Bake the chicken in a preheated oven for 15 minutes at 250 F (130 C). Put it aside.
Cut tomatoes, put them in a pan (no water) and boil. When the quantity has dropped by half, strain through a fine sieve. What comes out of the sieve is the tomato sauce.
Take a pan, start heating the sauce, add the butter. When the butter is melted, add the white pepper, salt, fenugreek leaves and cream. Cook for 2-3 minutes. Mix the chicken pieces into this sauce. Cover and cook on a low flame until the chicken is done.

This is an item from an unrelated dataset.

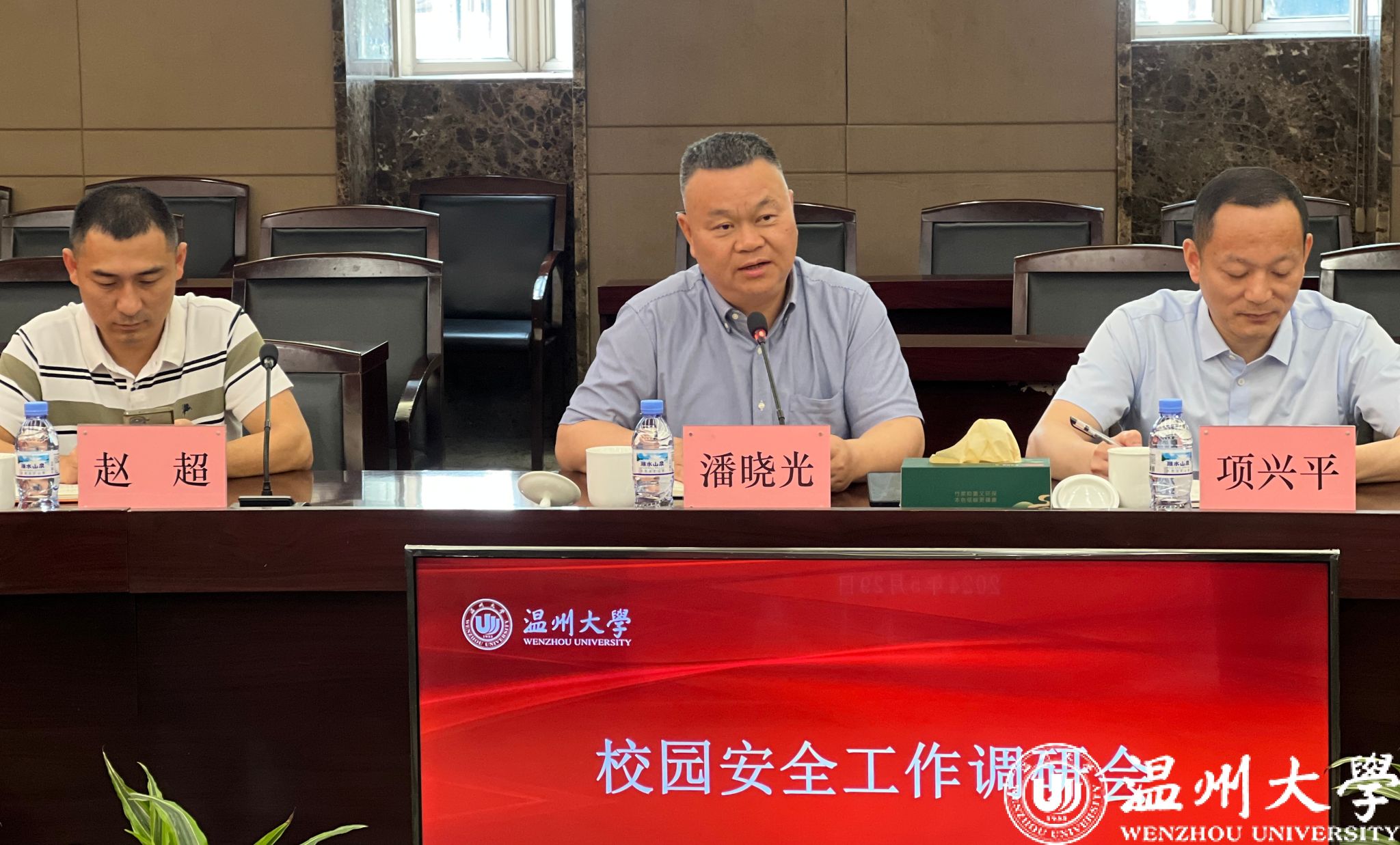 5月29日上午,温州市平安督导组第6组组长、市政协教科卫体委副主任潘晓光一行来校开展校园安全调研检查工作。校党委副书记庄兴忠出席会议并讲话,瓯海区政法委、茶山街道、高教园区派出所、sunbet申愽相关部门负责人等参会。

Garnish with fresh coriander and serve with rice.
Here's another one:
Butter Chicken
Ingredients
Chicken - 300 grams, cleaned and cut into small pieces
Cinnamon- 2" pcs
Salt - to taste
Cashew & almond paste - a handful ground smoothly
ginger & garlic paste - 2 tspns
onion - one chopped
turmeric powder- 1/4 tsp
chilly powder - 2 tsp
coriander powder- 1 tspn
orange colour - 1 1/2 tsp
butter - 3 tspn
oil - 2 tspn
tomato puree - 2 tomatoes blended smoothly
Method:
Fry onions in oil till transparent.
Add cinnamon and let it fry.
Then add ginger & garlic paste along with a little water.
Stir continuously.
Add turmeric, chilly, coriander powder with salt and mix well.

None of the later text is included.